SUPPLIED MATERIAL START
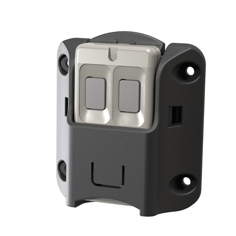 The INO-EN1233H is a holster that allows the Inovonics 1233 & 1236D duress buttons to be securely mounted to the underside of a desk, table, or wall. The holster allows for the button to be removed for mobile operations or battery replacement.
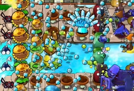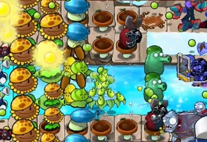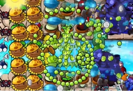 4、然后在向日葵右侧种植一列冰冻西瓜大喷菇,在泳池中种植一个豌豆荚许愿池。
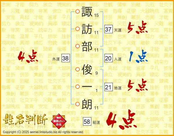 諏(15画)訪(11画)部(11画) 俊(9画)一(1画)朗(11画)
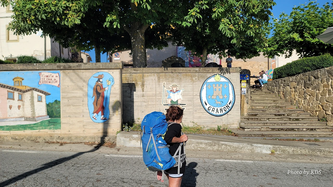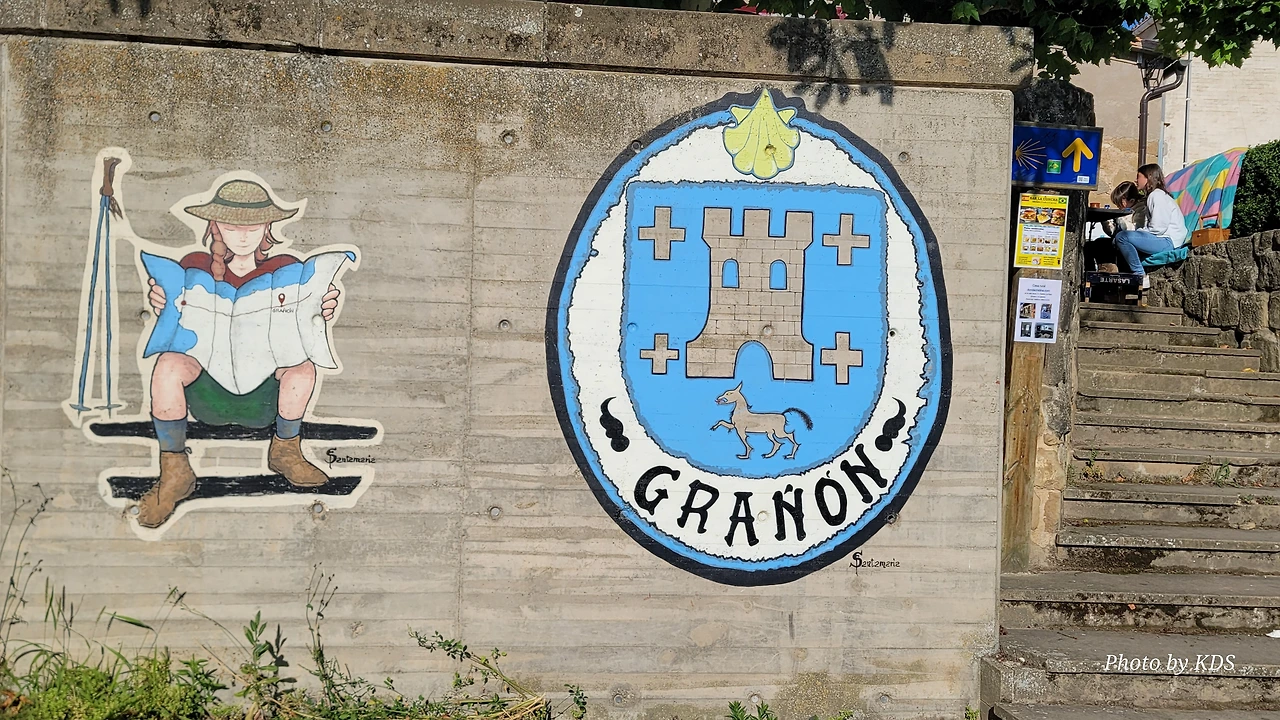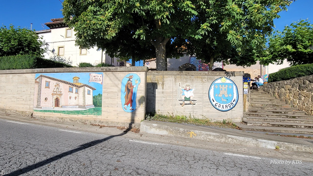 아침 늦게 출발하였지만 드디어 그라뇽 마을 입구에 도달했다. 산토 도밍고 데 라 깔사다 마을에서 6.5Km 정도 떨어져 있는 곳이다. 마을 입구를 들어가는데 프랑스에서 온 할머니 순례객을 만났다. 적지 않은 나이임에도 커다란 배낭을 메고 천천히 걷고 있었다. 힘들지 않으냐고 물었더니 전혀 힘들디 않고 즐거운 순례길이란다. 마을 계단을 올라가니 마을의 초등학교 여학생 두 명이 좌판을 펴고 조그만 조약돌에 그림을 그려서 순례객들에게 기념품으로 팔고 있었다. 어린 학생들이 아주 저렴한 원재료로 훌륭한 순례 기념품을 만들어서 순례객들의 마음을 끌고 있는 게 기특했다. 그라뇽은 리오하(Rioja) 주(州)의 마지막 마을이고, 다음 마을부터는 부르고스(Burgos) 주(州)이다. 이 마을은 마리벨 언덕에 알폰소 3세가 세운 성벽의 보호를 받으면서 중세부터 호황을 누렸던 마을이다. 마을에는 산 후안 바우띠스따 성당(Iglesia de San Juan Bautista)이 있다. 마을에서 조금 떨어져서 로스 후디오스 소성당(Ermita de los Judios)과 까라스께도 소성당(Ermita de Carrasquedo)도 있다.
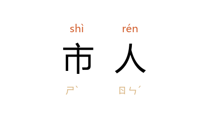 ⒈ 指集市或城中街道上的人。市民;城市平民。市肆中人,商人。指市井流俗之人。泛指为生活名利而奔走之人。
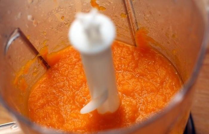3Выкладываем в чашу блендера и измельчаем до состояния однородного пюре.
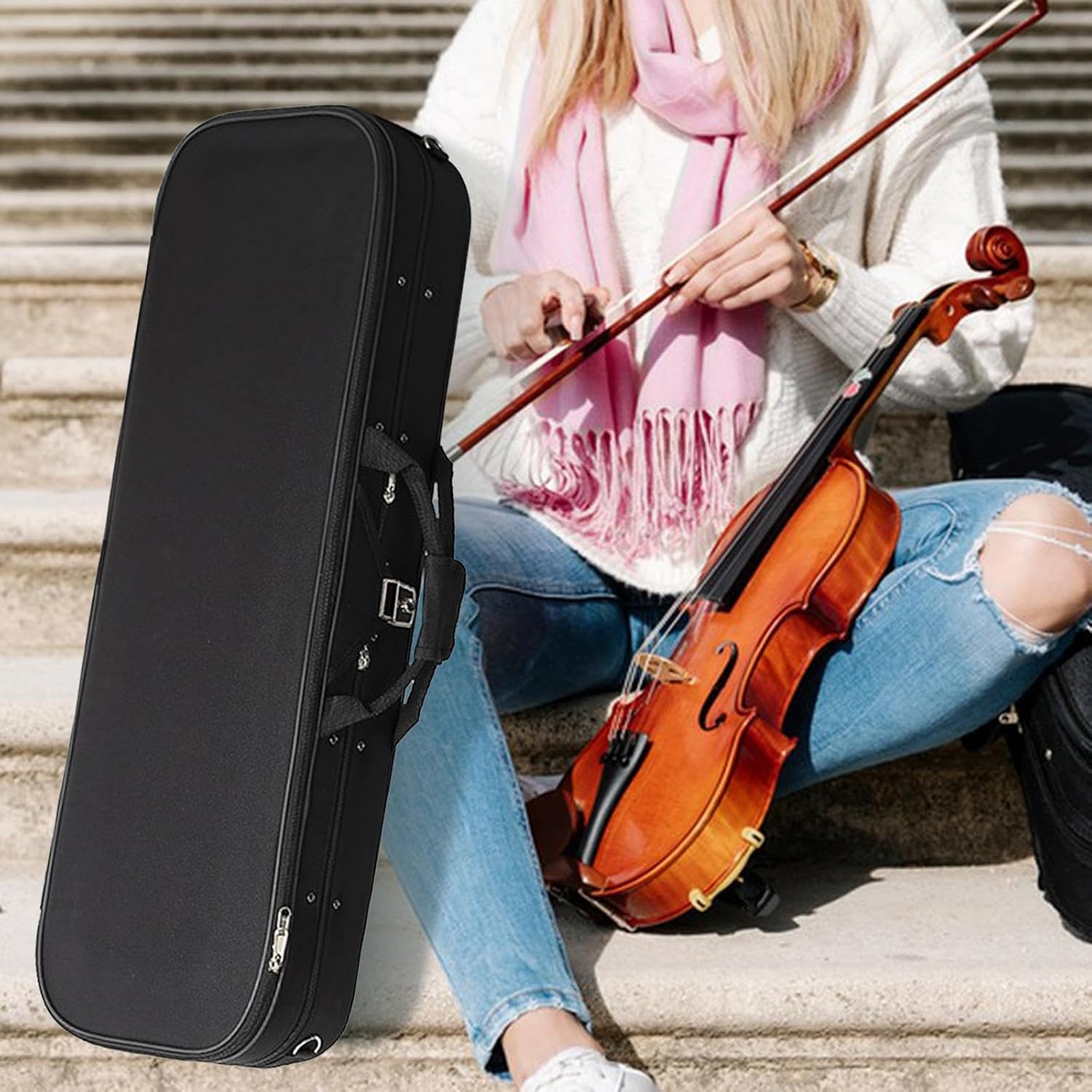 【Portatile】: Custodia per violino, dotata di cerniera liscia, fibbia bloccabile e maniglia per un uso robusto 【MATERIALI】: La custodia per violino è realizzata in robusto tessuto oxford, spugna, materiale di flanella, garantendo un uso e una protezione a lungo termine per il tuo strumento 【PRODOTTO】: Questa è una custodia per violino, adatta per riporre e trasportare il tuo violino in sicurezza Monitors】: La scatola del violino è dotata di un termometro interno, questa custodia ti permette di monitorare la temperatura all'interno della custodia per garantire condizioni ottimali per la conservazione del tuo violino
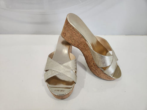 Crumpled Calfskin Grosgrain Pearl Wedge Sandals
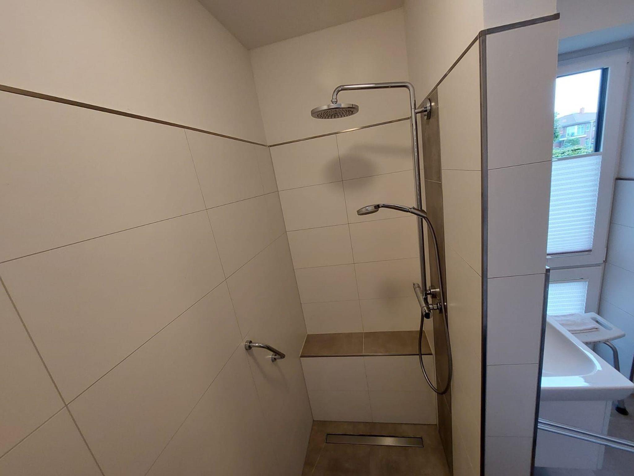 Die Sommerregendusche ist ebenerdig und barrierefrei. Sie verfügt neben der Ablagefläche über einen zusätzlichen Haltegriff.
SUPPLIED MATERIAL END
◆ WHAT IS NEEDED: Only the lines from the top of the material above down to the line bearing "諏(15画)訪(11画)部(11画) 俊(9画)一(1画)朗(11画)", that line included, should be set down exactly; no pictures.

◆ ANSWER SECTION:
 The INO-EN1233H is a holster that allows the Inovonics 1233 & 1236D duress buttons to be securely mounted to the underside of a desk, table, or wall. The holster allows for the button to be removed for mobile operations or battery replacement.
 4、然后在向日葵右侧种植一列冰冻西瓜大喷菇,在泳池中种植一个豌豆荚许愿池。
 諏(15画)訪(11画)部(11画) 俊(9画)一(1画)朗(11画)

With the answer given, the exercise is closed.